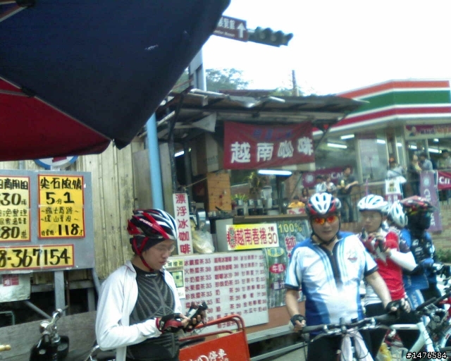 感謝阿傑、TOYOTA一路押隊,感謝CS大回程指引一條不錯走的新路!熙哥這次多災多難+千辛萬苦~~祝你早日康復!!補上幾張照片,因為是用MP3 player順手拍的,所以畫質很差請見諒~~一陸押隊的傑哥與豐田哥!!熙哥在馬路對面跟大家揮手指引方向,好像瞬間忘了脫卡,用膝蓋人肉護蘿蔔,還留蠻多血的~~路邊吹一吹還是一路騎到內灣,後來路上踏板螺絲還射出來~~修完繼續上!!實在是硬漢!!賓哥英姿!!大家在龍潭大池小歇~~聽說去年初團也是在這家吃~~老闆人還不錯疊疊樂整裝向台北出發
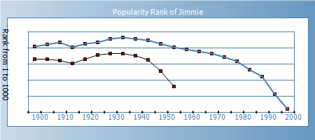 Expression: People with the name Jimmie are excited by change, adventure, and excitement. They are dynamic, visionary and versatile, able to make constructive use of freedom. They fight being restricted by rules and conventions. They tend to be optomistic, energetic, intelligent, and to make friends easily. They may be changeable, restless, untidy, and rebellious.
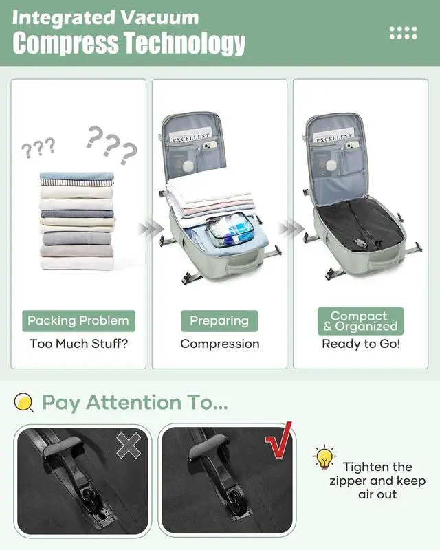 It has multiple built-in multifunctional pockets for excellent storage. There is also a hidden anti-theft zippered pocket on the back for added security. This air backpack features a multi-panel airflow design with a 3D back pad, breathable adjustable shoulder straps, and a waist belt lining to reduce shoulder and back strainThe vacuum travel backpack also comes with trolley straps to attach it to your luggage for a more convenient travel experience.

What is expected ▸
Reproduce exactly, and only, the lines from the opening line of the listing above through the line holding "Expression: People with", minus the pictures.

Result of the task ▸
 感謝阿傑、TOYOTA一路押隊,感謝CS大回程指引一條不錯走的新路!熙哥這次多災多難+千辛萬苦~~祝你早日康復!!補上幾張照片,因為是用MP3 player順手拍的,所以畫質很差請見諒~~一陸押隊的傑哥與豐田哥!!熙哥在馬路對面跟大家揮手指引方向,好像瞬間忘了脫卡,用膝蓋人肉護蘿蔔,還留蠻多血的~~路邊吹一吹還是一路騎到內灣,後來路上踏板螺絲還射出來~~修完繼續上!!實在是硬漢!!賓哥英姿!!大家在龍潭大池小歇~~聽說去年初團也是在這家吃~~老闆人還不錯疊疊樂整裝向台北出發
 Expression: People with the name Jimmie are excited by change, adventure, and excitement. They are dynamic, visionary and versatile, able to make constructive use of freedom. They fight being restricted by rules and conventions. They tend to be optomistic, energetic, intelligent, and to make friends easily. They may be changeable, restless, untidy, and rebellious.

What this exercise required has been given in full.